Coronavirus slowdown starts to bite the world’s industries

Coronavirus slowdown starts to bite the world’s industries, by Robert Gottliebsen.

The markets have shrugged off coronavirus woes, surging to several new highs around the world.

Never before in our history have global sharemarkets taken such an incredible gamble on the ability of our scientists, aided by artificial intelligence, to halt a rapidly spreading disease.

And the markets gamble is being fanned by excess world liquidity, aided by massive injections in China and the boom in the US economy which the market believes is likely to see US President Donald Trump returned for another four years.

But coronavirus is increasingly having a big impact in the real world.

We are watching, for example, a rapid shutdown of the world’s second largest economy in a desperate bid to try and contain the spread of the virus.

And those Chinese efforts are being matched by drastic action in countries, like Australia, which are closely bound to China. The dangers these political actions present to major industries will be horrific should the current crisis last for months.

It is already more contagious than the 1918 Spanish flu pandemic.

Vaccines soon?

But markets this week looked the other way to reports on Sky News of a “significant breakthrough” by scientists at Imperial College London, who claim to have reduced a stage of the development time for a coronavirus vaccine from two to three years to just 14 days. …

Students:

A key Australian export industry, tertiary education, has been jeopardised by an overzealous Australian Border Force, which detained Chinese students, cancelled valid student visas and sent some students back to China. The Chinese government was furious at their citizens’ treatment.

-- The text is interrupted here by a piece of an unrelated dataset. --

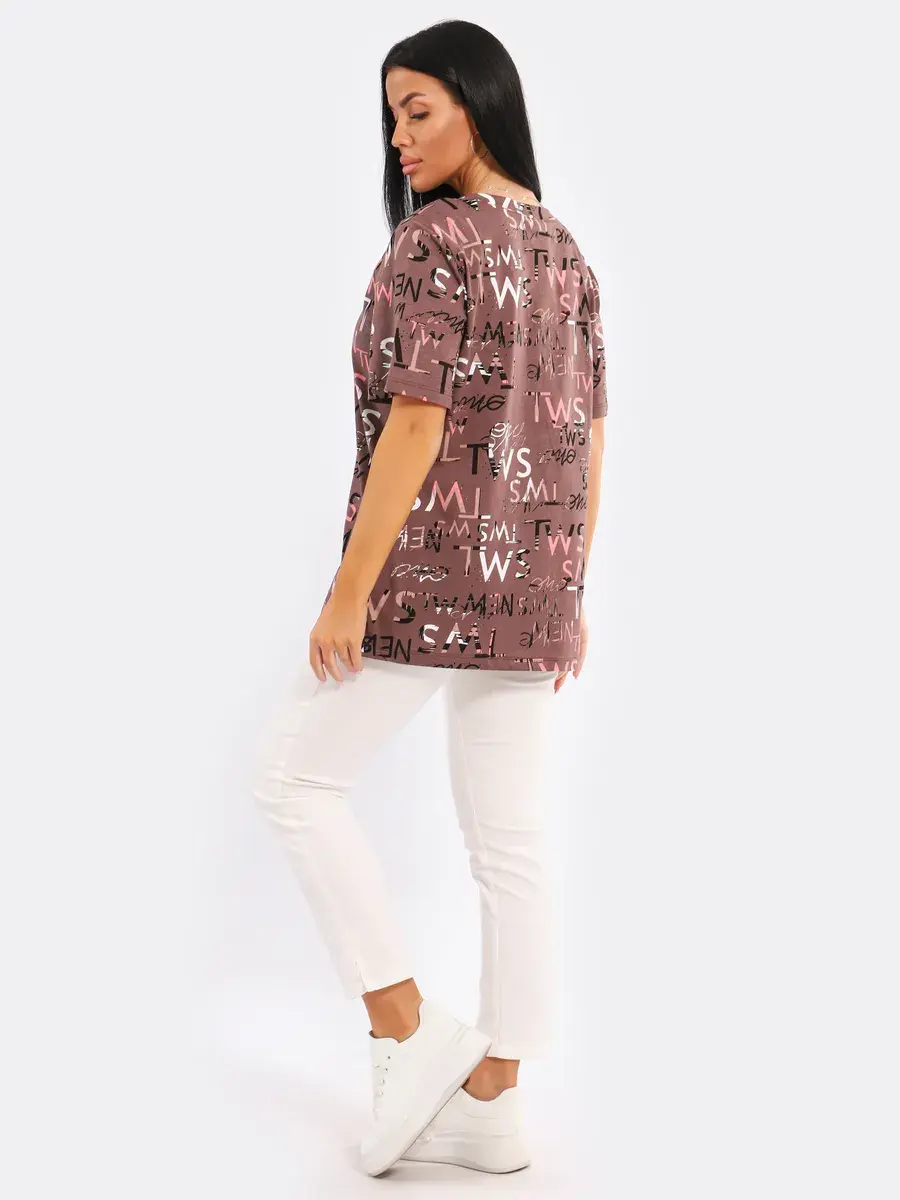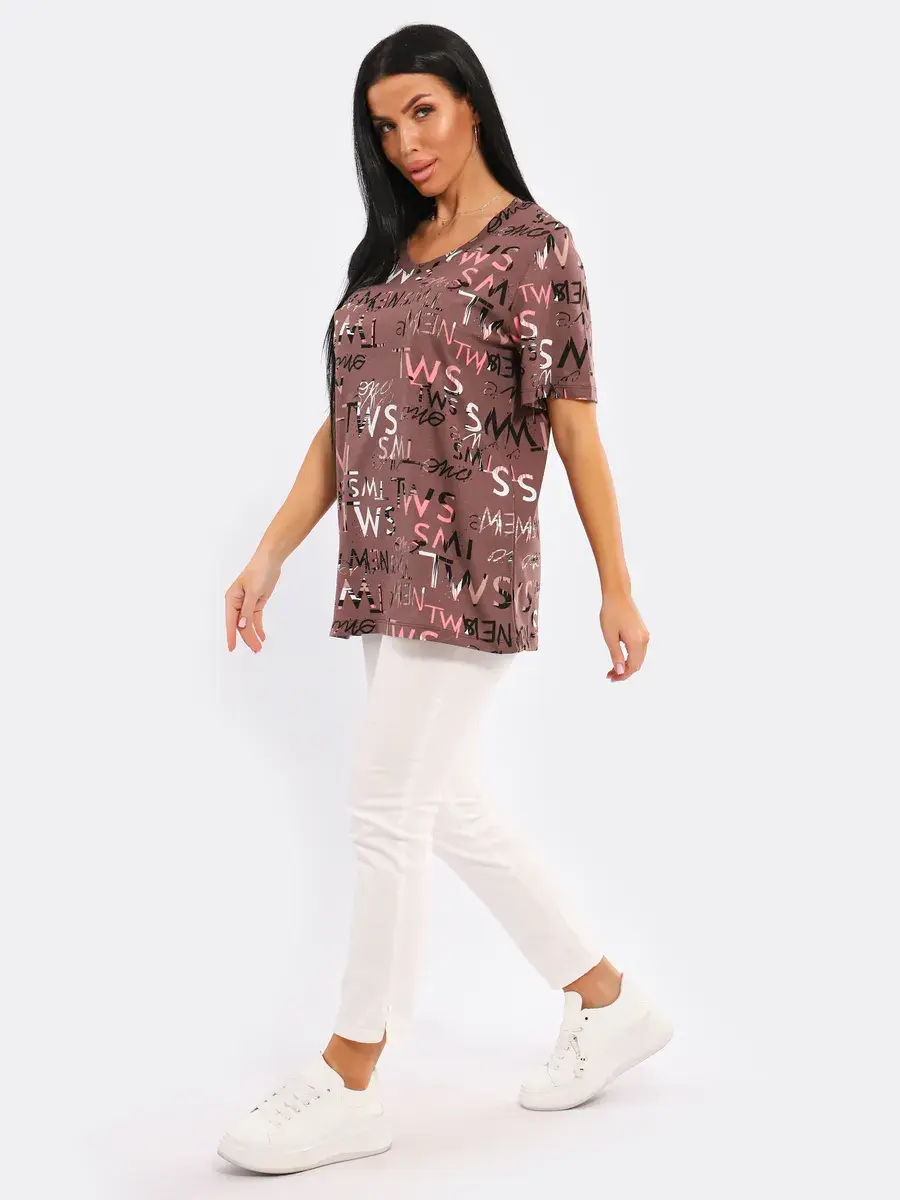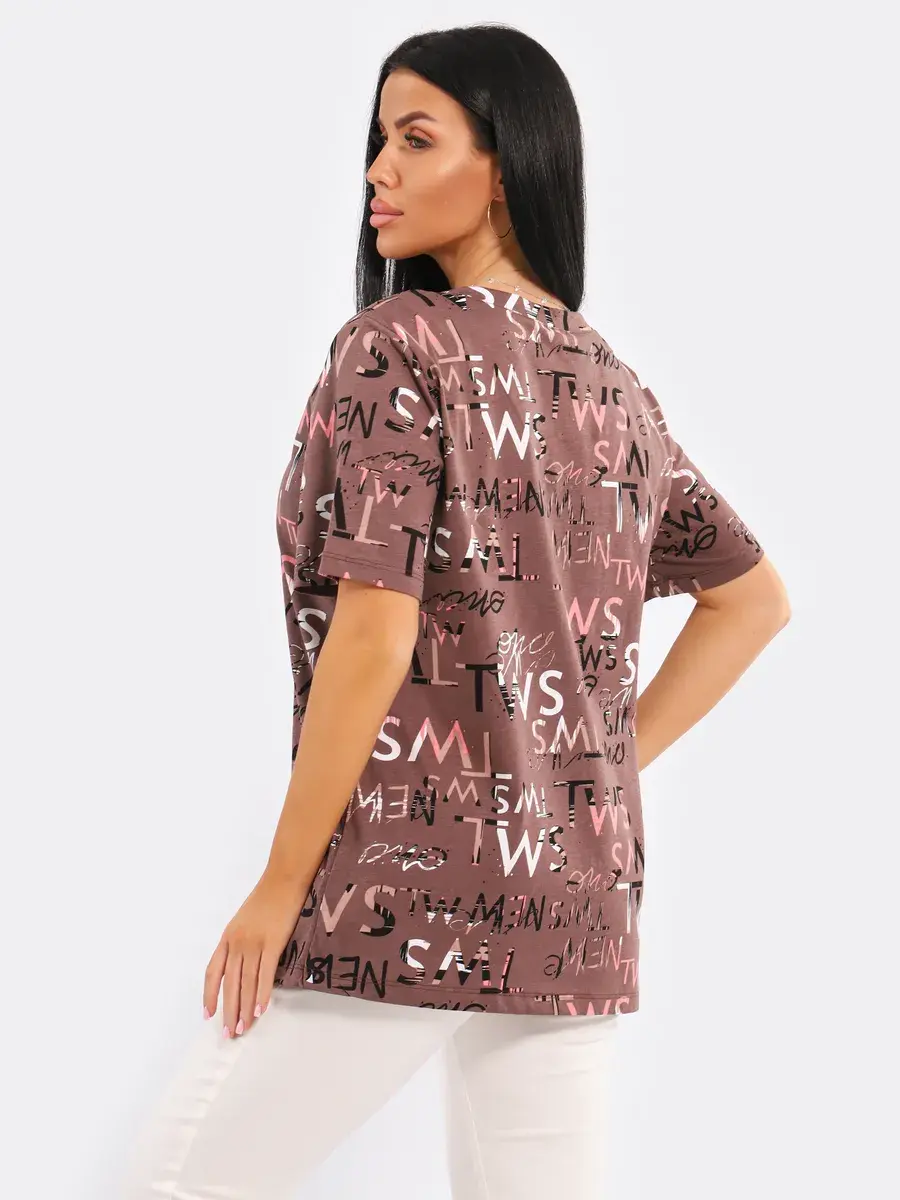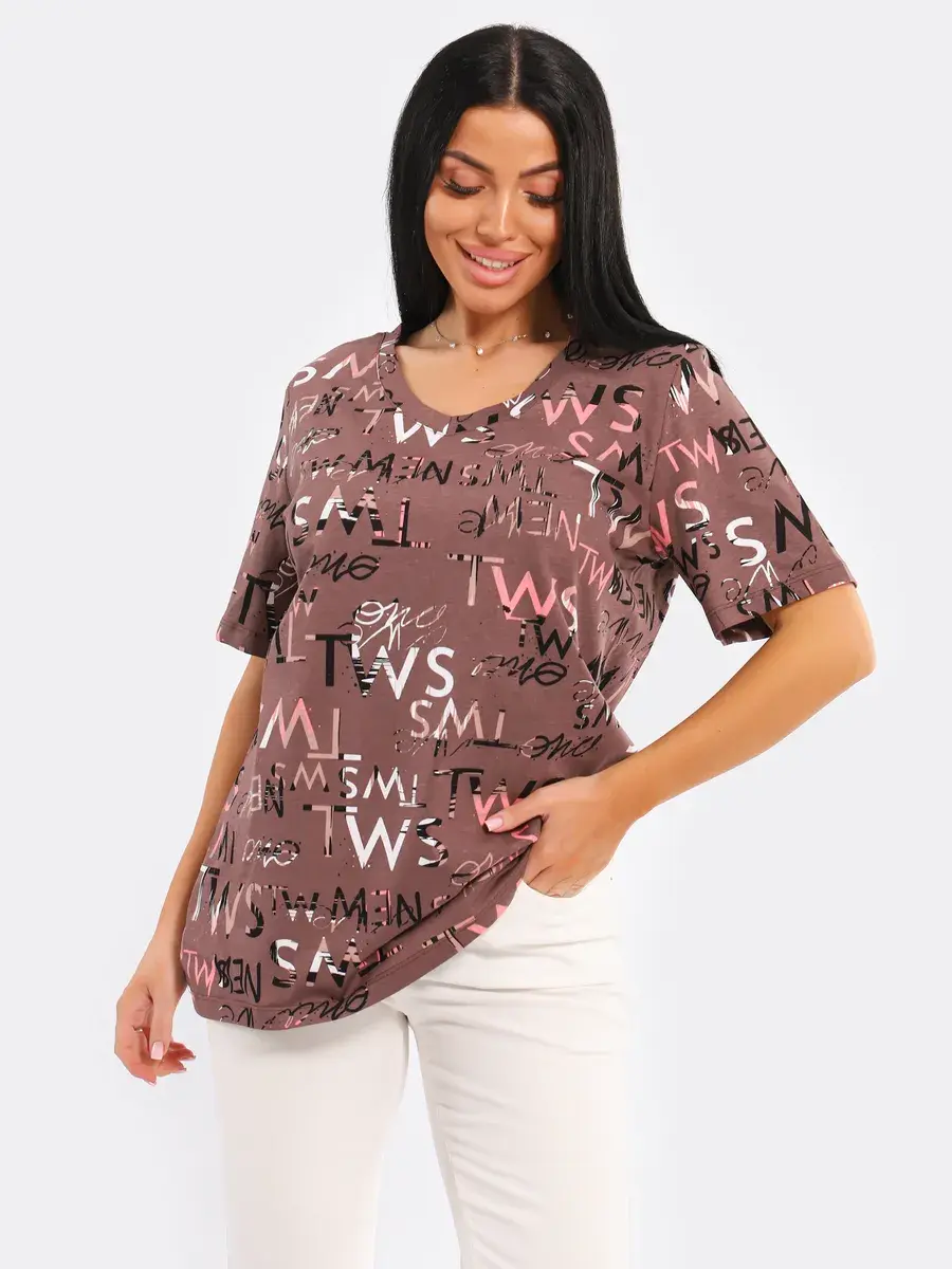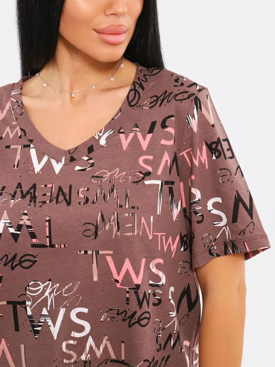Футболка женская из хлопка с лайкрой, производства Турции. Модель футболки удлинённая с V-образной горловиной, подойдет на любой тип фигуры. Модный принт на ткани футболки будет отлично сочетаться с любым низом. Футболка свободная имеет широкий размерный ряд с 48 по 70 размер, позволит подобрать Вам подходящий размер. Желаем удачных покупок!

China is Australia’s largest source of international students, which spent $12.1bn on education services in Australia last year. More than 100,000 Chinese students who are enrolled for courses in Australian tertiary education this year are still overseas. Most are likely to be stranded in China by the travel ban. …

Others:

The world’s gambling capital Macau will shut its 41 casinos for half a month. It’s like closing the Las Vegas Strip, six times over. …

Most tech-related manufacturers in China, including robotic companies and car makers are saying there is no clear sign of when their production will return to normal. …

If component and material makers resume production later than February 10, it could become a big problem for the whole supply chain because key components, including printed circuit boards, passive components, casings and paper packaging are still mainly made in China. …

The Queensland gas crisis also illustrates the problem for global shipping. The 14-day quarantine on Australian vessels that leave China after February 1 could cause delays and bottlenecks at the LNG port of Gladstone, which typically receives ships every few days. Similarly, tankers travelling to China will hit problems when they attempt to travel to other international destinations.